04 - Compute Flashcards
Elastic Beanstalk
1) Platform as a Service (PaaS)
2) Deploy and manage your applications without worry about the underlying infrastructure
3) Does capacity provisioning, scaling
4) Supports Go, Java, .Net, Node.js, PHP, Python, Ruby, Web Containers / Docker Containers
5) Components: Application, Application Version, Environment
6) Deployment Policies: All at once, Rolling, Rolling with additional batch
Lambda
1) A serverless compute offering from AWS
2) Executes code only when needed
3) Automatic scaling
4) Provision the amount of memory you want to allocate to your functions and Lambda allocates the proportioned CPU power, bandwidth and disk I/O
5) Concurrent executions = (invocations per second) x (average execution durations in seconds
6) Supports Node.js, Java, C#, Go, Python, Ruby and custom runtimes
7) Supports synchronous and asynchronous invocation
8) Main integrations: API Gateway, Kinesis, DynamoDB, S3, IoT, SNS, SQS, Cognito, logging, and CloudWatch events
9) Ability to deploy within a VPC and assign security groups
10) Can use environment variables for different stages
11) Security: IAM execution role must be attached to Lambda
Lambda Part 2
1) Function (Program or script that Lambda runs)

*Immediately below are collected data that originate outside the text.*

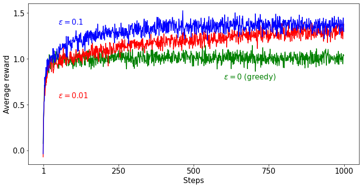 $\epsilon$ 이 0.1일때와 0.01 일 때를 비교해보면, 0.1일 때가 초반에 더 높은 Reward를 보여주지만 Reward들을 거의 정확히 예측하더라도 10 % 의 확률로 Exploration을 하기 때문입니다. $\epsilon=0.01$ 일 때는 Exploration 확률이 낮아서 Reward들을 정확히 예측하는 데 오래 걸리지만, 정확히 예측하게 되면 1 %의 확률로 Exploitation을 하기 때문에 장기적으로 보았을 때 $\epsilon=0.1$ 보다 Reward가 더 좋아지게 됩니다.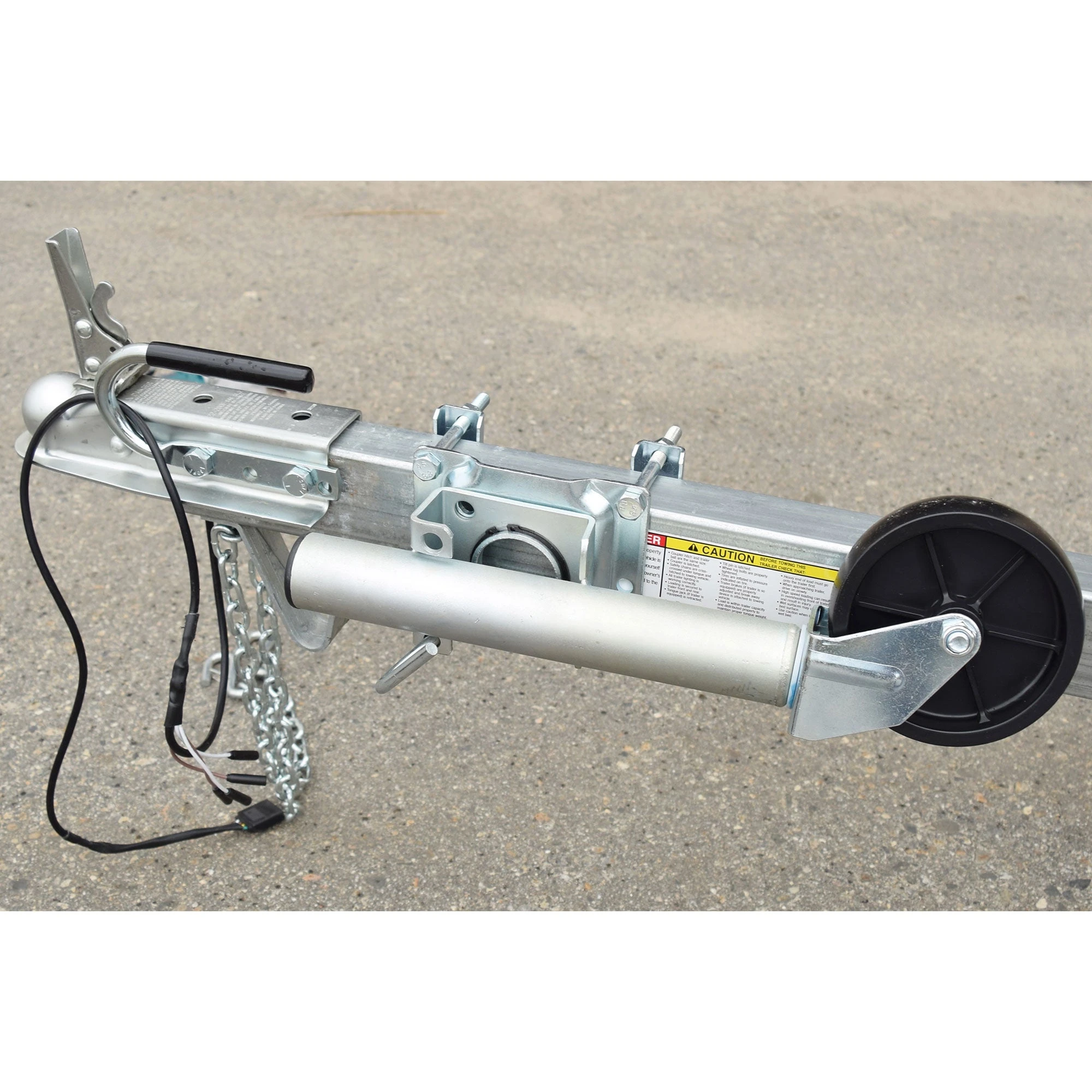 Replace your standard tongue skid plate with the Malone Trailer Tongue Kick Stand. The Kick Stand keeps your trailer level when unhitched and makes it easier to connect to the tow vehicle. A large integrated wheel allows the trailer to be easily rolled to the desired location by hand.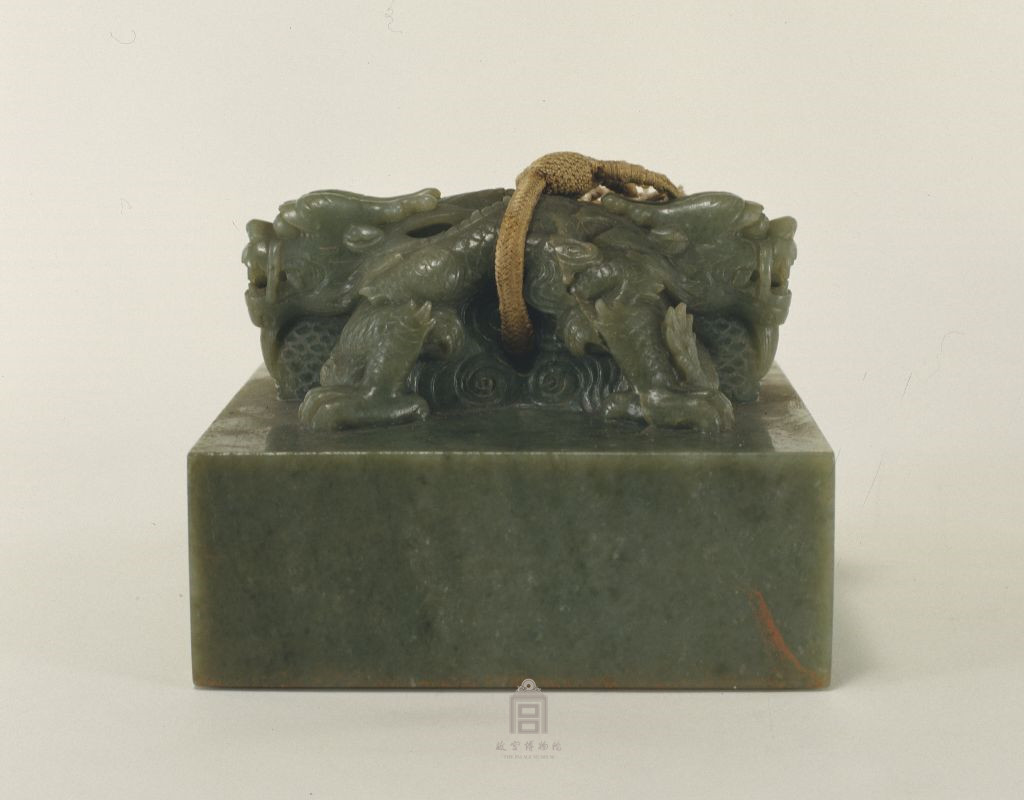 青玉质,交龙纽方形玺,汉文篆书。附系黄色绶带。

* Function package has all necessary components for your function Code, files, etc.
* Function handler starts the actual code execution
2) Runtimes
* Different languages can be used and still run in the same execution environment
* Sits between Lambda and your code; relaying events, and responses between the two
3) Layers
* ZIP archive that contains libraries, custom runtimes or other dependencies
* Allows you to manage your dependencies separate from the unchanging code and resources
4) Event Source
* Non-streaming event sources (Push model) - Amazon Echo, S3, SNS, and Cognito
* Streaming-event sources (Pull model) - Amazon Kinesis, DynamoDB streams
5) Versions
* Great for testing; each version has its own ARN; traffic shifting
* When working on Lambda function, we are working on $LATEST
* Version = code + configuration
* Each version of the Lambda function can be accessed
6) Aliases
* “Pointers” to Lambda function version
* Enable Blue/Green deployment by assigning weights to Lambda functions
* Also have their own ARNs
7) Function Dependencies
* You must install the packages alongside your code and zip it together
* Upload the Zip file straight to Lambda if it is less than 50MB, otherwise upload to S3
Lambda Part 3
1) Concurrency - Up to 1000 executions
2) Can set reserved currencies at the function level
3) Each invocation over the concurrency limit will trigger a Throttle
4) Throttle behaviour:
* If sync invocation; return ThrottleError -429
* If async invocation; retry automatically (twice) and then go to DLQ
* DLQ can be a SNS topic or SQS queue
* Original event payload is sent to DLQ; great for debugging function issues
Lambda@Edge
1) Lambda that will run function for content that is being delivered by CloudFront
2) Functions are executed closer to the viewer
3) Functions will run in response to CloudFront events
4) Managed service
5) Deployed alongside the CloudFront CDN
Amazon Elastic Container Service (Amazon ECS)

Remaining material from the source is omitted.